Every line from the start of the data through the line containing "我轮主机型号为HMM-WIN GD 6RT-flex48T-D" should be retyped exactly; the pictures should not.

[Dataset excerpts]
____________________

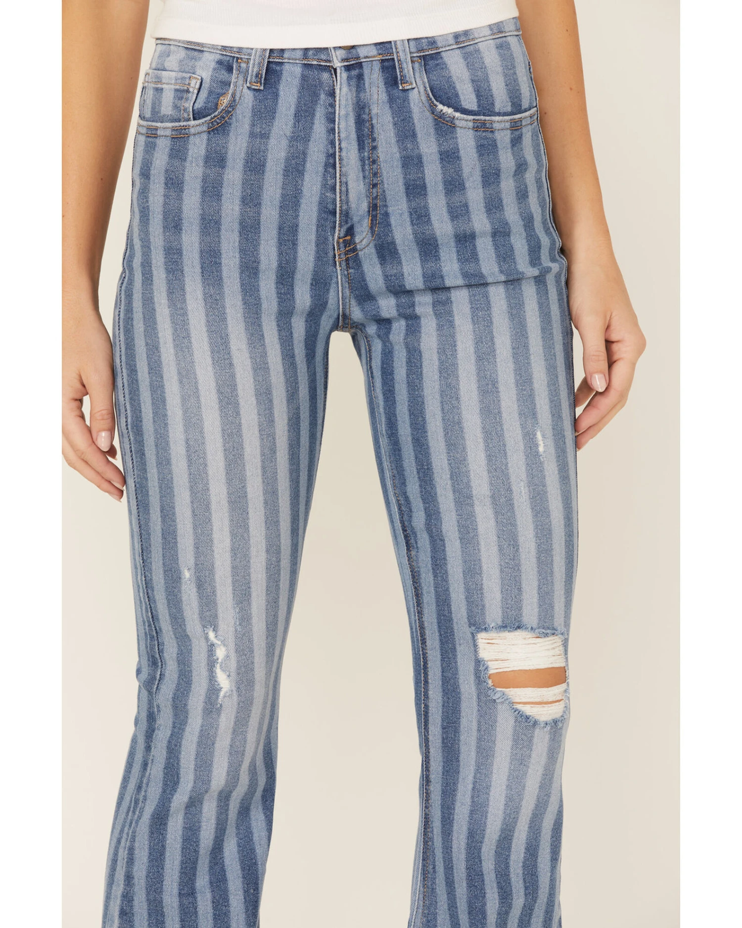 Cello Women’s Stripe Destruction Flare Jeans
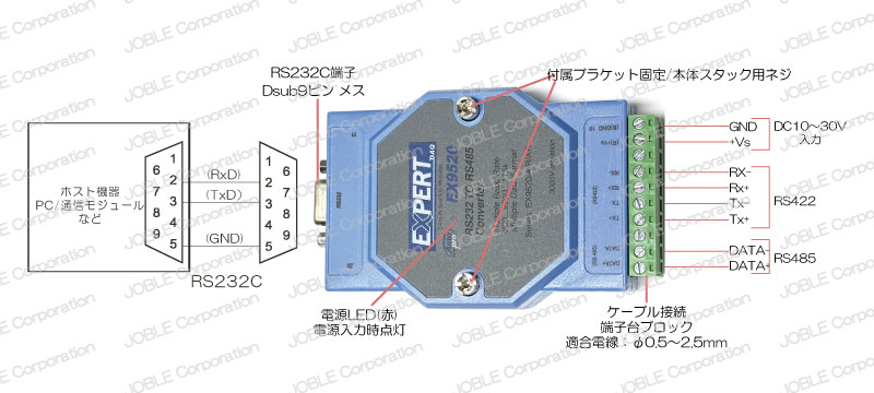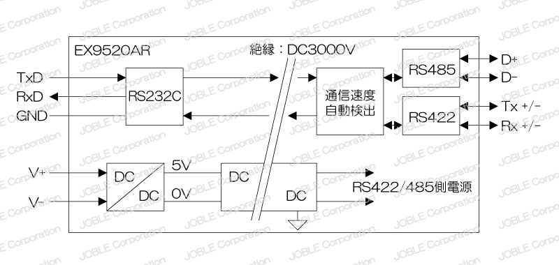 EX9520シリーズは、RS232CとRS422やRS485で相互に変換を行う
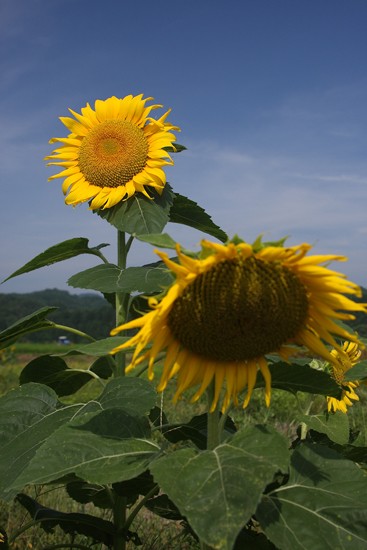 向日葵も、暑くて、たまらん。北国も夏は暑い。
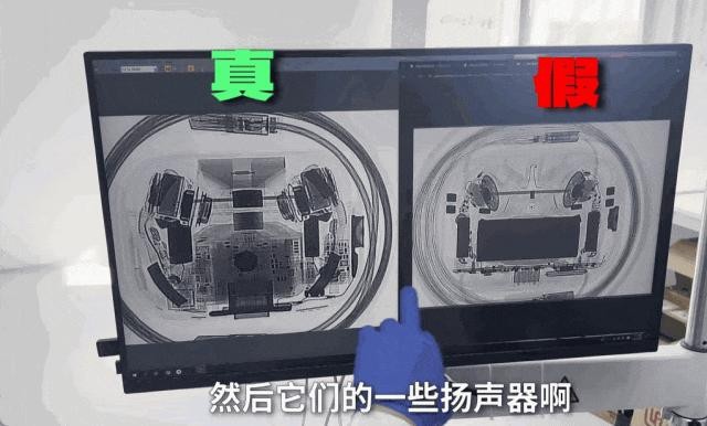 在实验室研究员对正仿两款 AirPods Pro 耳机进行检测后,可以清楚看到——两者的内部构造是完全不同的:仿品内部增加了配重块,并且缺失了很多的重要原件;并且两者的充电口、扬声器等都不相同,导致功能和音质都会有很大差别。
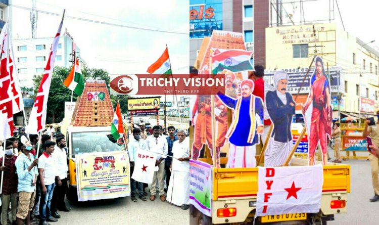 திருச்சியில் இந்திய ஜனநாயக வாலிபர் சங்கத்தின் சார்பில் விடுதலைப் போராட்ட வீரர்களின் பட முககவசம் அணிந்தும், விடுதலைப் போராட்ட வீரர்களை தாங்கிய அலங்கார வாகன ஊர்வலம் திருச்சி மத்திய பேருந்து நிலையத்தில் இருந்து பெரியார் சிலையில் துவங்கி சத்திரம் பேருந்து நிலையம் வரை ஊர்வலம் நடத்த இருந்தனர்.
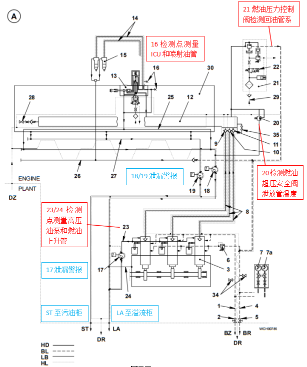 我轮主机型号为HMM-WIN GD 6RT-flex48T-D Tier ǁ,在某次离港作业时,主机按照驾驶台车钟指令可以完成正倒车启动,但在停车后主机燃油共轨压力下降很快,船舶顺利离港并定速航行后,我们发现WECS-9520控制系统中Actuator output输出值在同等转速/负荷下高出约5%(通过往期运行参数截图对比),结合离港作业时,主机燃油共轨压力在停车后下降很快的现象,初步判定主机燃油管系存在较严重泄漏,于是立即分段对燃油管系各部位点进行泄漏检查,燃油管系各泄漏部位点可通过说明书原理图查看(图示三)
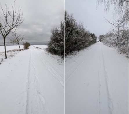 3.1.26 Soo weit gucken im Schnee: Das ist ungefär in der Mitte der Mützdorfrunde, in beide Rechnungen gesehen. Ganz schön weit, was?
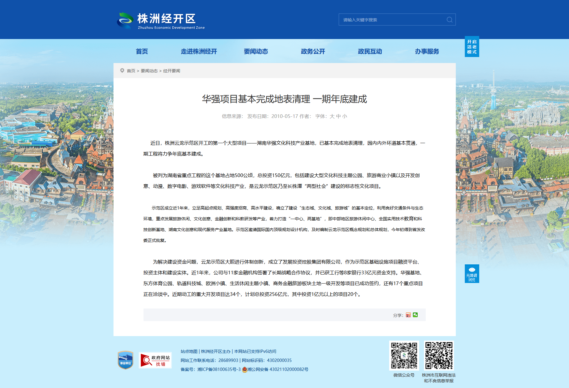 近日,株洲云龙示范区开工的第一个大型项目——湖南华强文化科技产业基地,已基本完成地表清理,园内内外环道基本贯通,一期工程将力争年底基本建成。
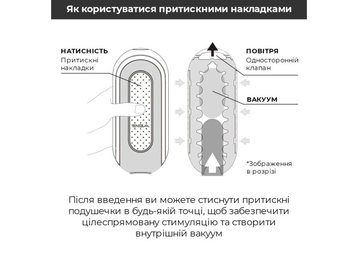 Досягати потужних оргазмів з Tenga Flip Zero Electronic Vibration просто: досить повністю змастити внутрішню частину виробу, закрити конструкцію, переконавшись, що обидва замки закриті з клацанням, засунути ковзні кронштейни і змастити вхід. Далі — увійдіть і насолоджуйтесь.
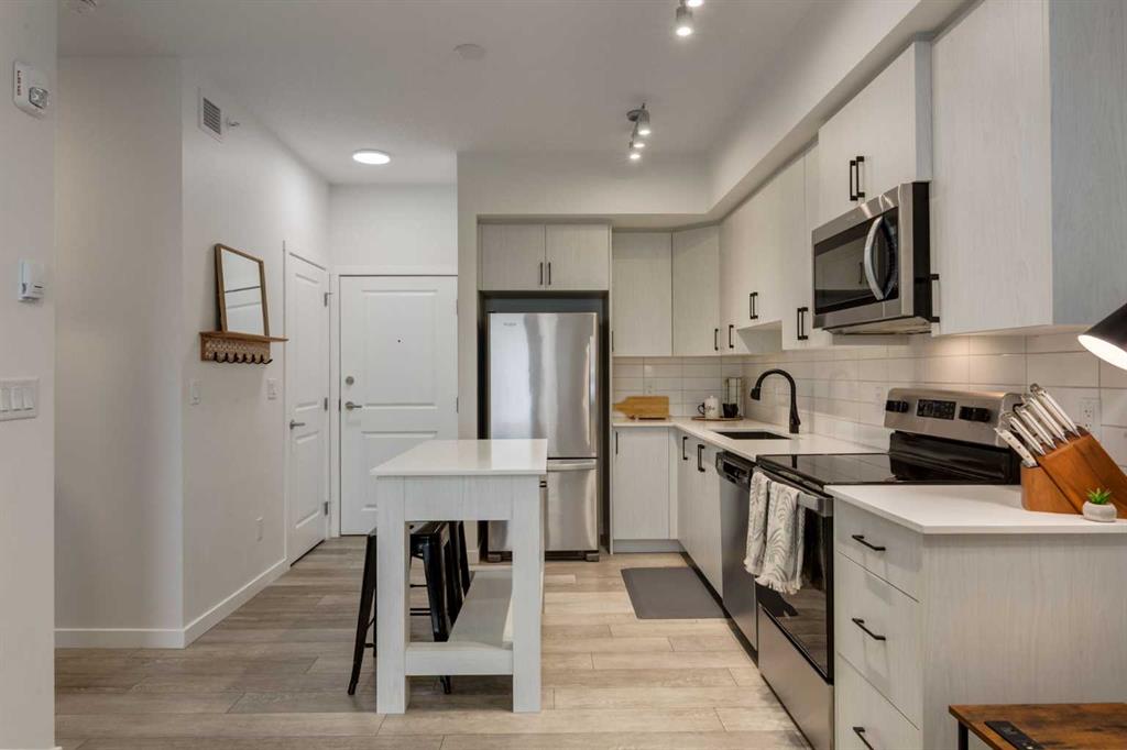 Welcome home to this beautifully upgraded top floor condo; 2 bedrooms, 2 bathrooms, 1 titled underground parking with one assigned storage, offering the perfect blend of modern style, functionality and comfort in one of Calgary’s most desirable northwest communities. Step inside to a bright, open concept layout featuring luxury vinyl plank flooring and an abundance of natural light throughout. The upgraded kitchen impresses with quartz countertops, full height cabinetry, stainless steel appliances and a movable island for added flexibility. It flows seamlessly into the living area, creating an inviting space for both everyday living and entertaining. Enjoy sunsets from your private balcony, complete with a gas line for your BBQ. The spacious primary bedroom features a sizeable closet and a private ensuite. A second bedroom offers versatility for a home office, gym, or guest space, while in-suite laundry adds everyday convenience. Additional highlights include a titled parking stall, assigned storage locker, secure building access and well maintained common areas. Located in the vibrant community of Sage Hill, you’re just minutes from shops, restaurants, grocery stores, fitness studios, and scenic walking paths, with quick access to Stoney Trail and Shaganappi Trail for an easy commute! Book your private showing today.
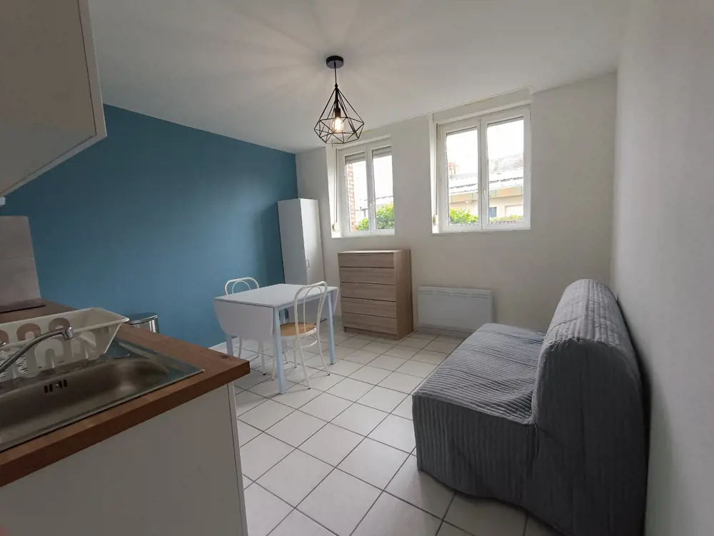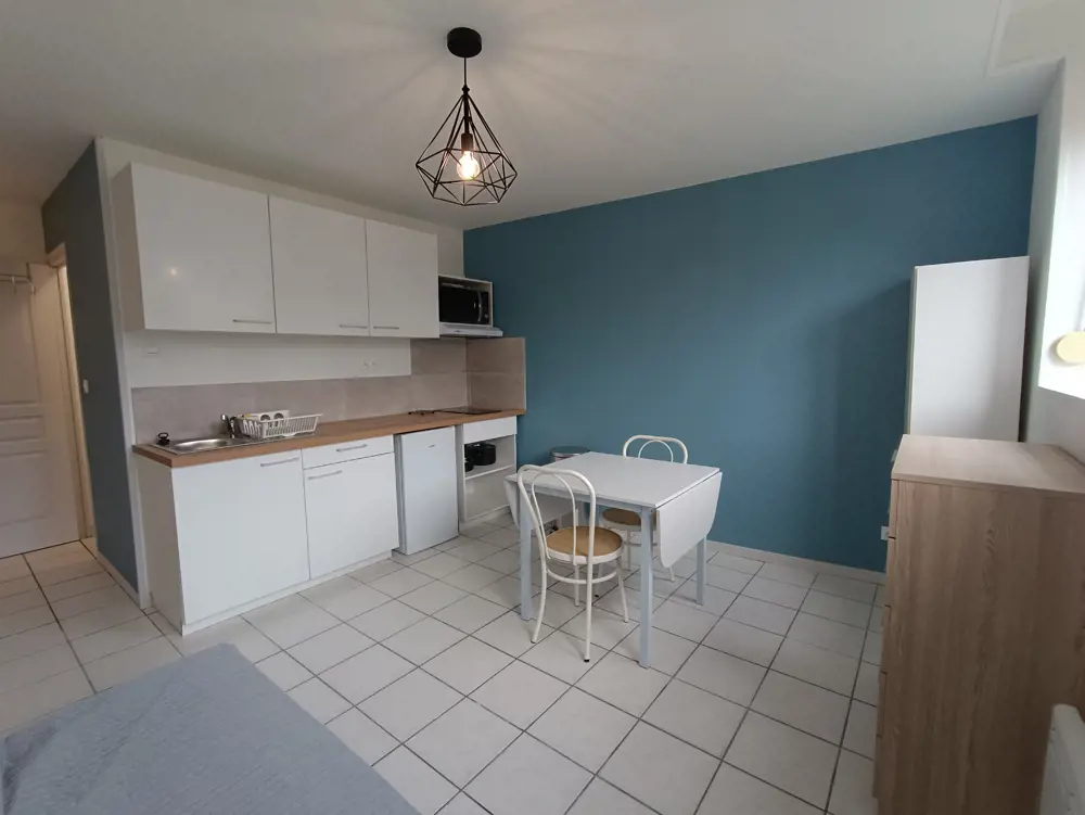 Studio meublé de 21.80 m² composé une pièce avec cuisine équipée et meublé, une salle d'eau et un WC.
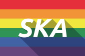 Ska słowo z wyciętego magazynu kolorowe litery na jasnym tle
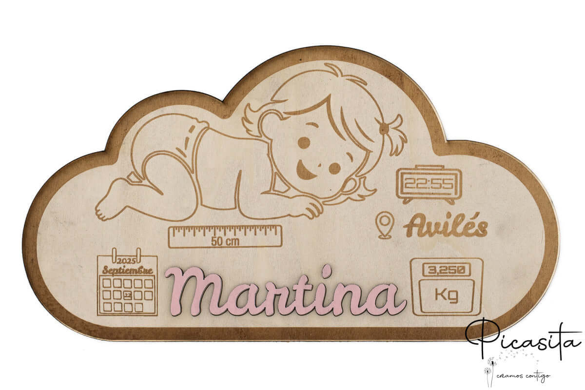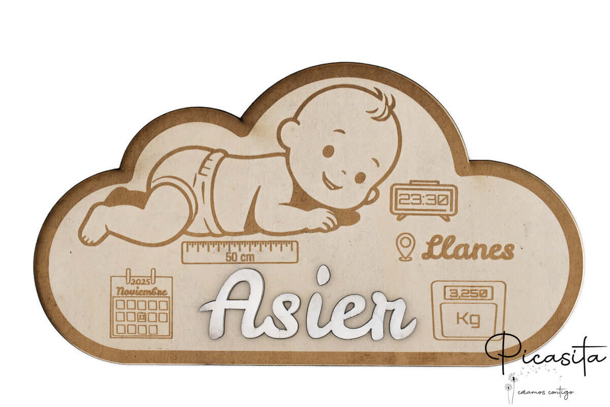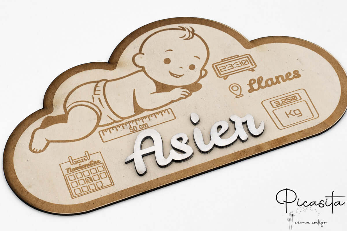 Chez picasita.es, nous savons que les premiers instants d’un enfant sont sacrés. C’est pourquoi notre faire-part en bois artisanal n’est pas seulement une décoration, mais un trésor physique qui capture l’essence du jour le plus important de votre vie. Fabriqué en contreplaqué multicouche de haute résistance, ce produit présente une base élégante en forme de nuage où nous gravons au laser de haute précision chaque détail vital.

____________________

Expected output:
 Cello Women’s Stripe Destruction Flare Jeans
 EX9520シリーズは、RS232CとRS422やRS485で相互に変換を行う
 向日葵も、暑くて、たまらん。北国も夏は暑い。
 在实验室研究员对正仿两款 AirPods Pro 耳机进行检测后,可以清楚看到——两者的内部构造是完全不同的:仿品内部增加了配重块,并且缺失了很多的重要原件;并且两者的充电口、扬声器等都不相同,导致功能和音质都会有很大差别。
 திருச்சியில் இந்திய ஜனநாயக வாலிபர் சங்கத்தின் சார்பில் விடுதலைப் போராட்ட வீரர்களின் பட முககவசம் அணிந்தும், விடுதலைப் போராட்ட வீரர்களை தாங்கிய அலங்கார வாகன ஊர்வலம் திருச்சி மத்திய பேருந்து நிலையத்தில் இருந்து பெரியார் சிலையில் துவங்கி சத்திரம் பேருந்து நிலையம் வரை ஊர்வலம் நடத்த இருந்தனர்.
 我轮主机型号为HMM-WIN GD 6RT-flex48T-D Tier ǁ,在某次离港作业时,主机按照驾驶台车钟指令可以完成正倒车启动,但在停车后主机燃油共轨压力下降很快,船舶顺利离港并定速航行后,我们发现WECS-9520控制系统中Actuator output输出值在同等转速/负荷下高出约5%(通过往期运行参数截图对比),结合离港作业时,主机燃油共轨压力在停车后下降很快的现象,初步判定主机燃油管系存在较严重泄漏,于是立即分段对燃油管系各部位点进行泄漏检查,燃油管系各泄漏部位点可通过说明书原理图查看(图示三)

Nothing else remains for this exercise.